With its 28 international pavilions displaying 140 aircrafts, the exhibition also showcases an exceptional solar aircraft Solar Impulse.

The exhibition also host jobs and training area, alternative aviation fuels, and air and space museum. This year’s show attracts a record of 2,100 exhibitors, both professional and general public visitors, with 59 of the world’s top 100 companies in the industry.

Orders for more than 200 aircraft with a total value exceeding $20 billion were announced on the opening day of the Paris Air Show as airlines sought planes with improved fuel efficiency.

Industry experts believe that Airbus and Boeing together will garner twice as many orders and commitments than were unveiled at the Farnborough Air Show in England last year.

Last year Airbus and Boeing built more than 970 aircraft and this year’s total is expected to top 1,000 for the first time.

The opening day also included two mystery deals for the Boeing 747-8 and other for the Bombardier Inc. CSeries.

It is unusual for buyers not disclosing their identity at the event.

Leasing all the way

Leasing companies dominated on the opening day and the largest order came from the GE Capital Aviation Services leasing unit, Gecas.

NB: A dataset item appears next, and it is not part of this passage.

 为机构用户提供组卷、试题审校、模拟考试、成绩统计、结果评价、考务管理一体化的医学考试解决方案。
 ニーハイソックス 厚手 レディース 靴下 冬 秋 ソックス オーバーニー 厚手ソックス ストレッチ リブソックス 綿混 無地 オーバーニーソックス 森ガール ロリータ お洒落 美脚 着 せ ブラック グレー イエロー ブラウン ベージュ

The aircraft lessor committed to acquire 60 A320neo modelsvalued at $5.47 billion at list prices.

Buyers typically negotiate big discounts on large orders.

International Lease Finance Corp. ordered 100 of the planes earlier this year and is expected to announce its engine choice for the rest of its commitments this week. The company already has opted to equip some of the planes with a new engine from the Pratt & Whitney unit of United Technologies Corp.

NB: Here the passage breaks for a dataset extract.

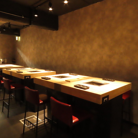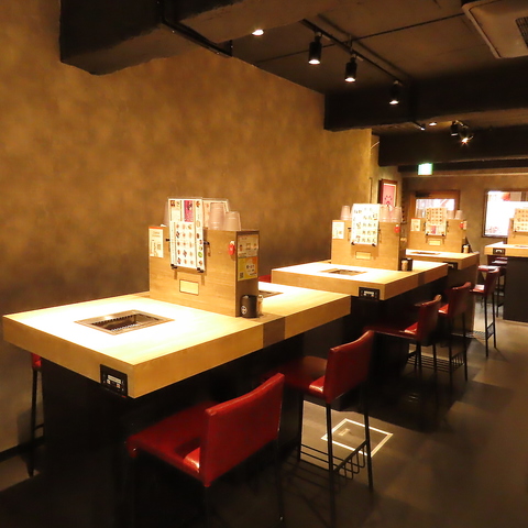 店内はシックで落ち着きのある店内となっております。排煙フードを設置しておりませんので、上部が広々としており窮屈さがありません。おひとり様でもカジュアルに焼肉をお楽しみいただけるような雰囲気になっております♪ぜひお越しください。
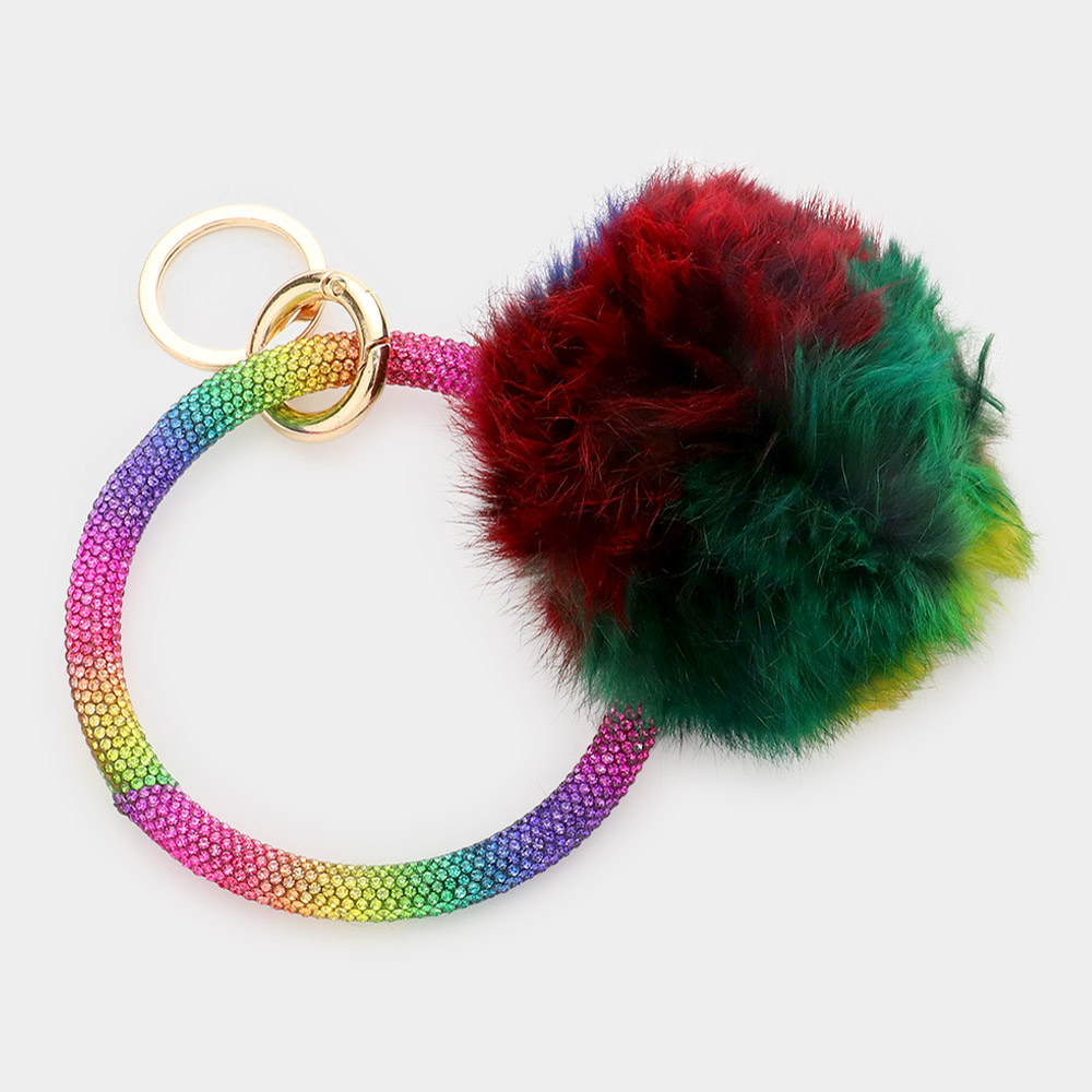 Pom Pom Rhinestone Pave Bangle Keychain / Bracelet

Air Lease Corp., run by former ILFC chief Steve Udvar-Hazy, made its first order for wide-body aircraft, as part of a 33-plane Boeing commitment that includes 737s, 777s and the forthcoming 787 Dreamliner.

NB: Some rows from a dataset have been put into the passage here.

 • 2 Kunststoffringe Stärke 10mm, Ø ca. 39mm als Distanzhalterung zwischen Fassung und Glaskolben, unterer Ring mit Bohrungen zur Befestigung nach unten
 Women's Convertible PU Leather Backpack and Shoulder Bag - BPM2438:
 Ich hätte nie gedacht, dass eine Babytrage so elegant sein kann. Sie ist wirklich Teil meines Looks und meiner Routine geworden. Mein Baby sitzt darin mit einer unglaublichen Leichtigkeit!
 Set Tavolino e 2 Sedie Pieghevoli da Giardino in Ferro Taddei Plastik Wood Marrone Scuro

Scandinavia’s SAS AB, which flies more than 70 of the 737 model, on Monday ordered 30 Airbus A320neos, with options for 11 more.

Airbus

Airbus, a unit of European Aeronautic Defence& Space Co. in the days leading up to the show bagged orders for 72 A320neos from Indian budget carrier Go Airlines (India) Ltd. and for 30 of the A321neo, a stretched version of the A320, from Cebu Air Inc. of the Philippines.

Together, those orders were valued at more than $10 billion.

Airbus jumped in ahead of Boeing with the first aircraft order, selling 60 A320neo jets, a re-engined version of its highly successful narrow body plane, to GE Capital Aviation Services, the commercial aircraft leasing and financing arm of GE for $5.1bn.

They will be powered by Leap-X engines supplied by GE’s CFM International joint venture with Safran of France.

Airbus now has more than 500 orders for re-engined versions of its A320 family. Deliveries are expected to begin by the end of 2015.

The bullish tone from Airbus was,however, tempered by the announcement of delays for some of its yet-to-fly A350 models and technical problems that spoiled its displays. Airbus also had to pull its A400M military transport from displays because of an issue with its gearbox.

The Zehst

Airbus is working on a Concorde-style design for a hypersonic plane capable of seating between 50 and 100 business travellers and flying at more than four times the speed of sound – more than 3,000mph – at 105,000 feet.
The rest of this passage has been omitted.